------ INPUT ------
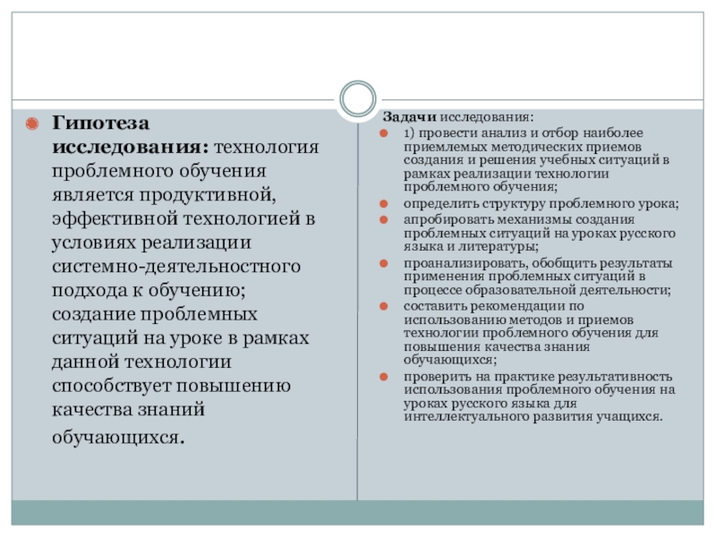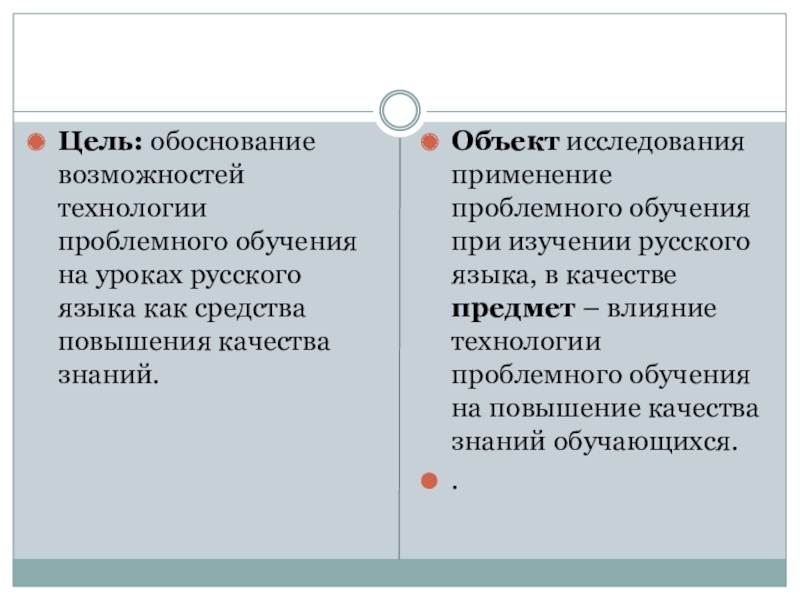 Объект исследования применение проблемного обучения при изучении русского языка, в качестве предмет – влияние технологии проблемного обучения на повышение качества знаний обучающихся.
------
------ INPUT ------
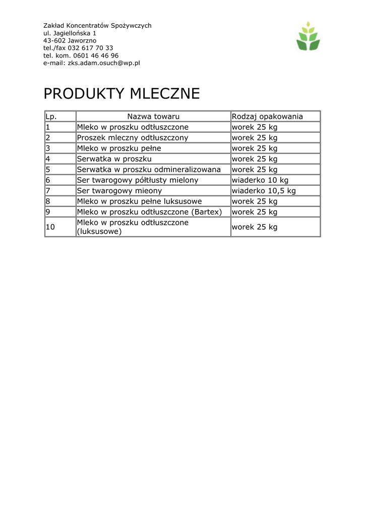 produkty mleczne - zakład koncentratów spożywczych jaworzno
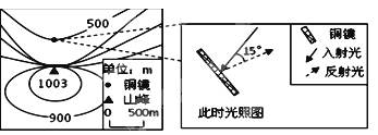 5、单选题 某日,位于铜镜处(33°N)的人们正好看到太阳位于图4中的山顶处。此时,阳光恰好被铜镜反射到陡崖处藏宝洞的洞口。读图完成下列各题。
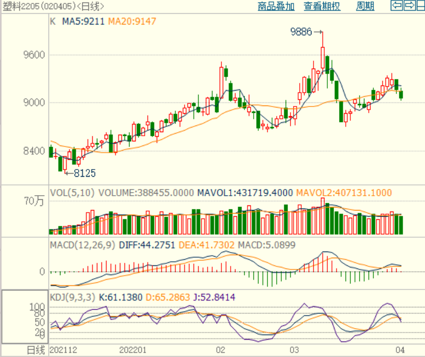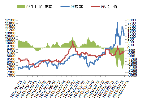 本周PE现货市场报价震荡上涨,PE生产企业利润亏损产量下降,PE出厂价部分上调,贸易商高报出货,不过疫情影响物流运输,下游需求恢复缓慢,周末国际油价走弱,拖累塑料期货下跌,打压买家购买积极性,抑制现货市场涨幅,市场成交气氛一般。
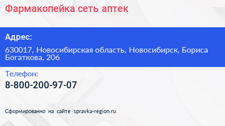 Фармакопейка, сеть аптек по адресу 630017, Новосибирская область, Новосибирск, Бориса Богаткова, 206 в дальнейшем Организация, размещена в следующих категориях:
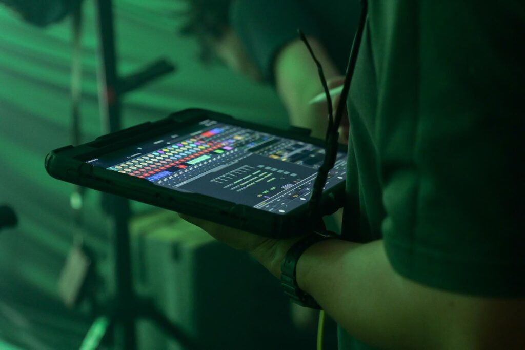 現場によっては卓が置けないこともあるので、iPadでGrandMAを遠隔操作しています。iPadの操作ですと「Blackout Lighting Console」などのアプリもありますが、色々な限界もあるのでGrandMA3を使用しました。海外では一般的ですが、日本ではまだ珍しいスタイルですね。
------
------ INPUT ------
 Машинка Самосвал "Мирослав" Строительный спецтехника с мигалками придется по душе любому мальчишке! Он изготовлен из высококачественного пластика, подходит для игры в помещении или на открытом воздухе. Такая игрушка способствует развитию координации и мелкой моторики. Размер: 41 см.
------
▸ **INSTRUCTIONS TO FOLLOW**
Leave the pictures out, and transcribe exactly the lines above starting at the one that contains "produkty mleczne - zakład" and ending at the one that contains "本周PE现货市场报价震荡上涨".

▸ **RESULT**
 produkty mleczne - zakład koncentratów spożywczych jaworzno
 5、单选题 某日,位于铜镜处(33°N)的人们正好看到太阳位于图4中的山顶处。此时,阳光恰好被铜镜反射到陡崖处藏宝洞的洞口。读图完成下列各题。
 本周PE现货市场报价震荡上涨,PE生产企业利润亏损产量下降,PE出厂价部分上调,贸易商高报出货,不过疫情影响物流运输,下游需求恢复缓慢,周末国际油价走弱,拖累塑料期货下跌,打压买家购买积极性,抑制现货市场涨幅,市场成交气氛一般。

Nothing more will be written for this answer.